HOW TO COMPLETE THIS TASK: Transcribe the listing that follows in full, omitting pictures.

INFORMATION PROVIDED:

....

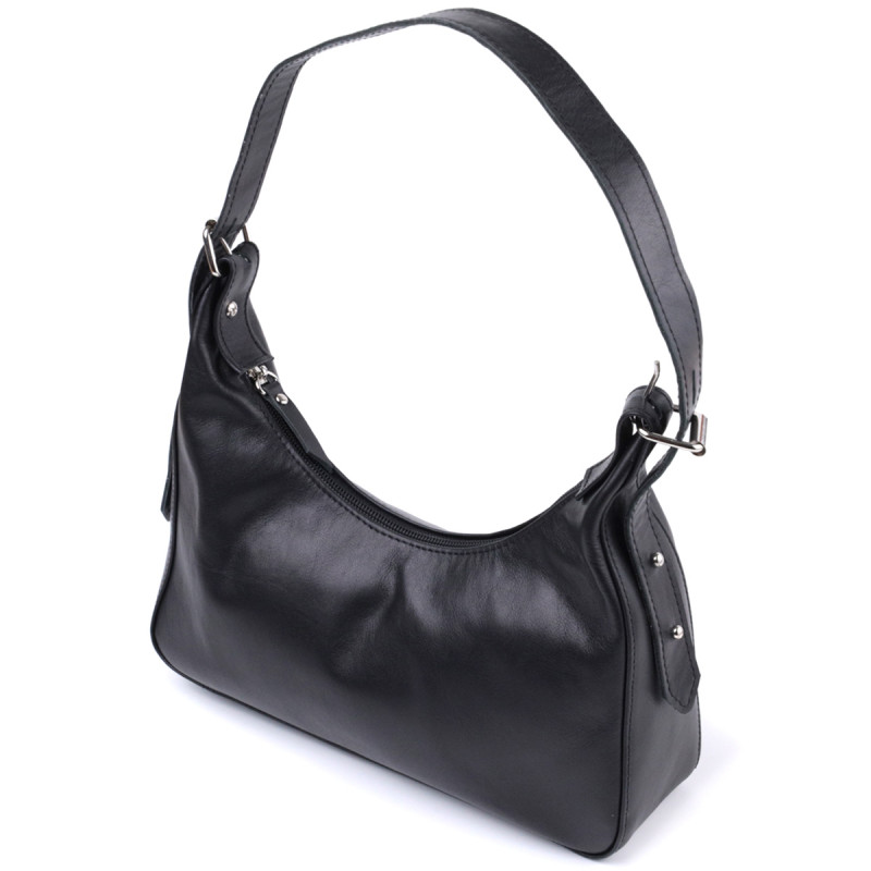 Женская сумка багет с регулируемым ремнем из гладкой натуральной кожи Shvigel Черная
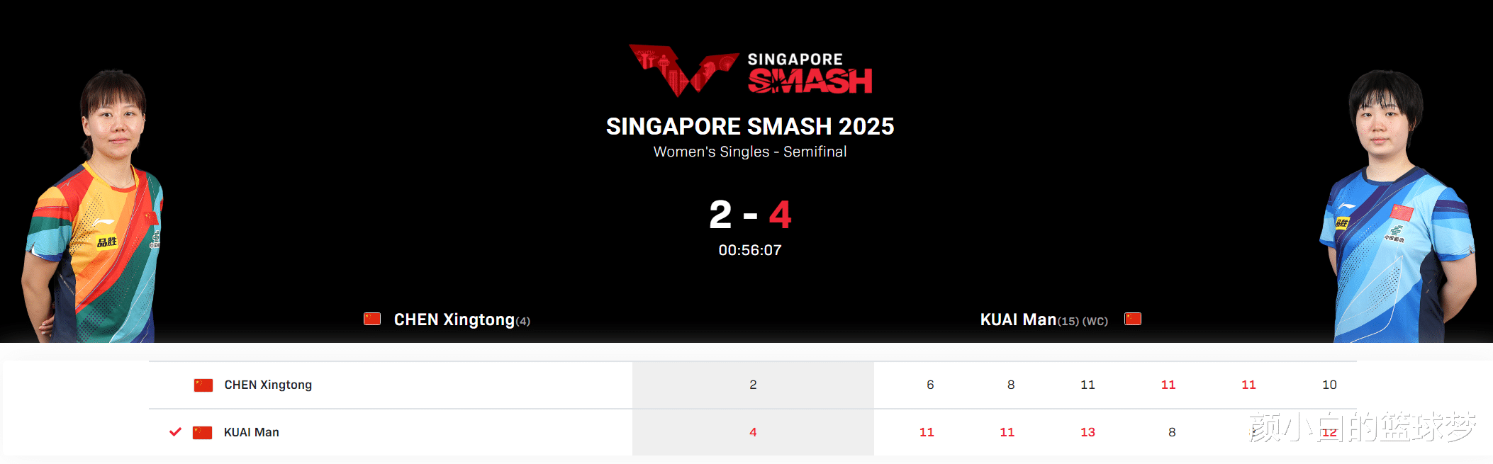 北京时间2月8日,WTT新加坡大满贯,女单半决赛,蒯曼4-2淘汰陈幸同晋级决赛,六局比分:11-6,11-8,13-11,8-11,8-11,12-10。也就是说蒯曼开场一度是取得了3-0的巨大领先优势,陈幸同连扳两局后,在第六局被蒯曼击败。
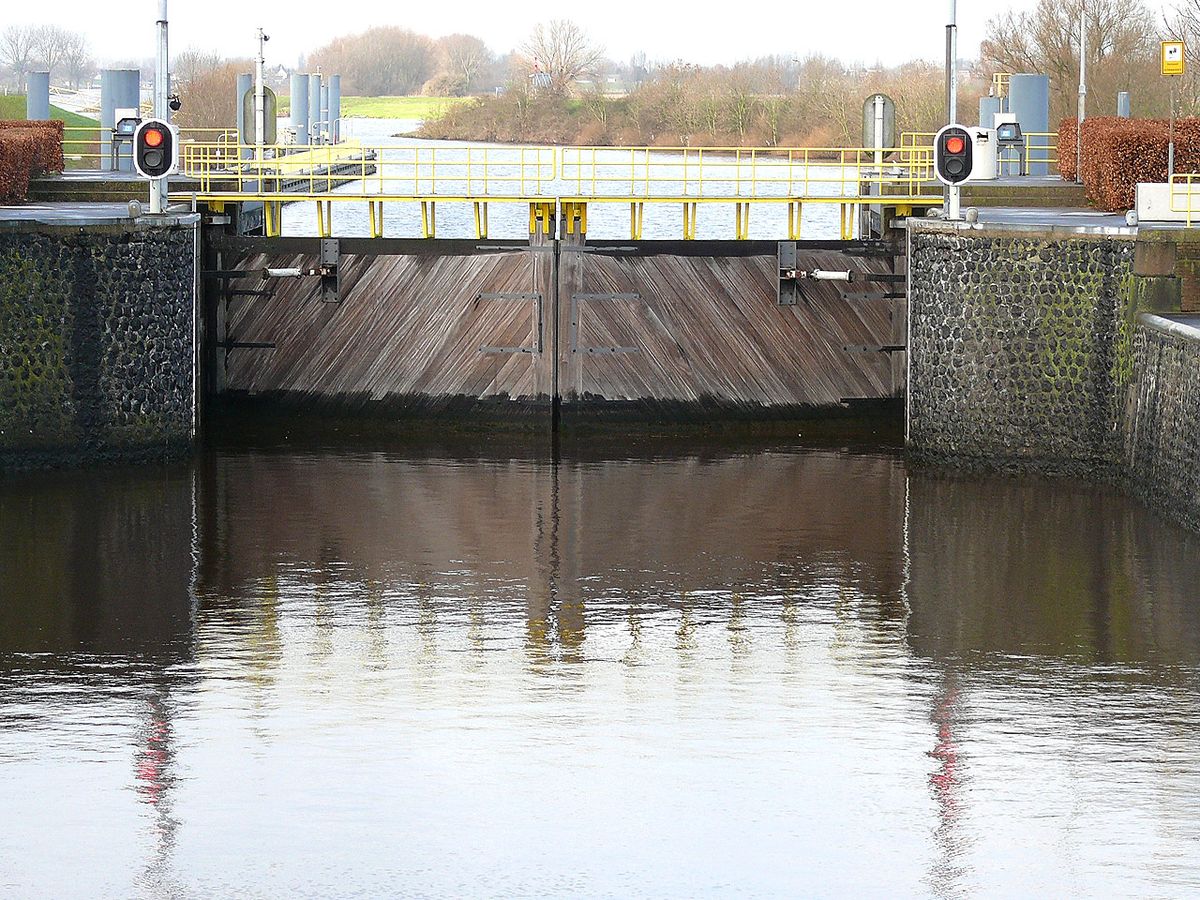kolkwanden van deze sluis zijn, in verband met het groot aantal pleziervaartuigen wat hier moet passeren, voor een groot deel met hout bekleed.

....

EXPECTED OUTPUT:
 Женская сумка багет с регулируемым ремнем из гладкой натуральной кожи Shvigel Черная
 北京时间2月8日,WTT新加坡大满贯,女单半决赛,蒯曼4-2淘汰陈幸同晋级决赛,六局比分:11-6,11-8,13-11,8-11,8-11,12-10。也就是说蒯曼开场一度是取得了3-0的巨大领先优势,陈幸同连扳两局后,在第六局被蒯曼击败。
kolkwanden van deze sluis zijn, in verband met het groot aantal pleziervaartuigen wat hier moet passeren, voor een groot deel met hout bekleed.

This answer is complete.